In the photo above, you should recognize Camelback Mountain back there. We're looking northeast from the tallest building in town at the time, the Adams Hotel. That's where the Renaissance Phoenix Downtown Hotel is now, by the way. It's in the same spot, but it's not the same building. There have been three hotel buildings built on that spot, all originally named the Adams Hotel.
That's 1st Street there running past Melinda's Alley. At the time there were houses, and businesses, along Melinda's Alley. The streets of Phoenix had been laid out on such a gigantic scale that these little alleys were all over town, never officially on maps, but known by everyone. You can see references to them in ads in newspapers, in directories.
Look off into the distance, just slightly right of center. That's the old water tower, which was on Van Buren and 9th Street. Don't look for anything elaborate, it just looked like a thin black tower.
No, I have no idea where the name of the alley came from, or who Melinda might have been.

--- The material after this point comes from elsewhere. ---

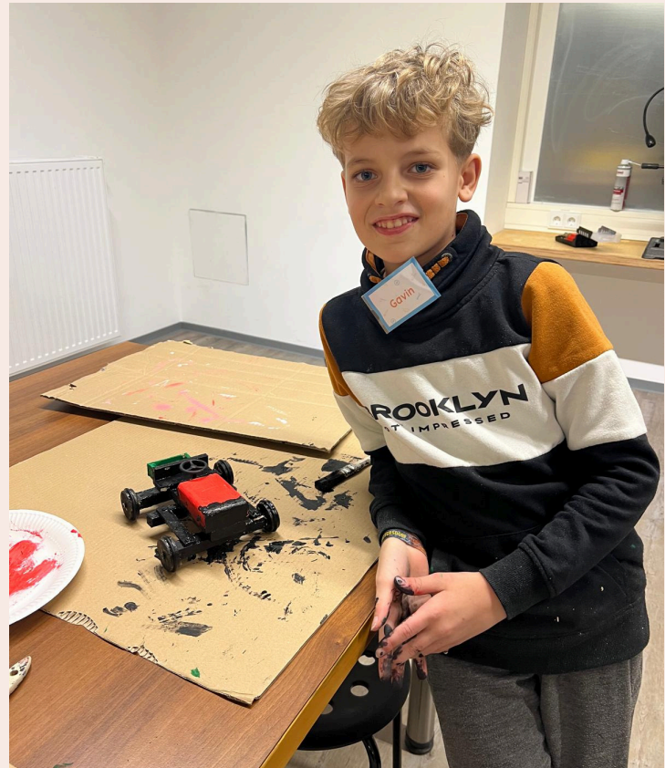
Technik für Kinder weckt die Begeisterung für das Handwerk.

Officially, it was never a Phoenix street anyway. She may have had something to do with the businesses that thrived around there at the time, which was the red light district, but I don't know. Just northeast of there was Millionaire's Row, with the big mansions on Monroe (the only one left nowadays is the Rosson House, which is on 7th Street), so Melinda's Alley must have been a little bit of an embarrassment.
Thanks for walking with me.
Image at the top of this post: Looking northeast towards Camelback Mountain past 1st Street just south of Monroe, over Melinda's Alley.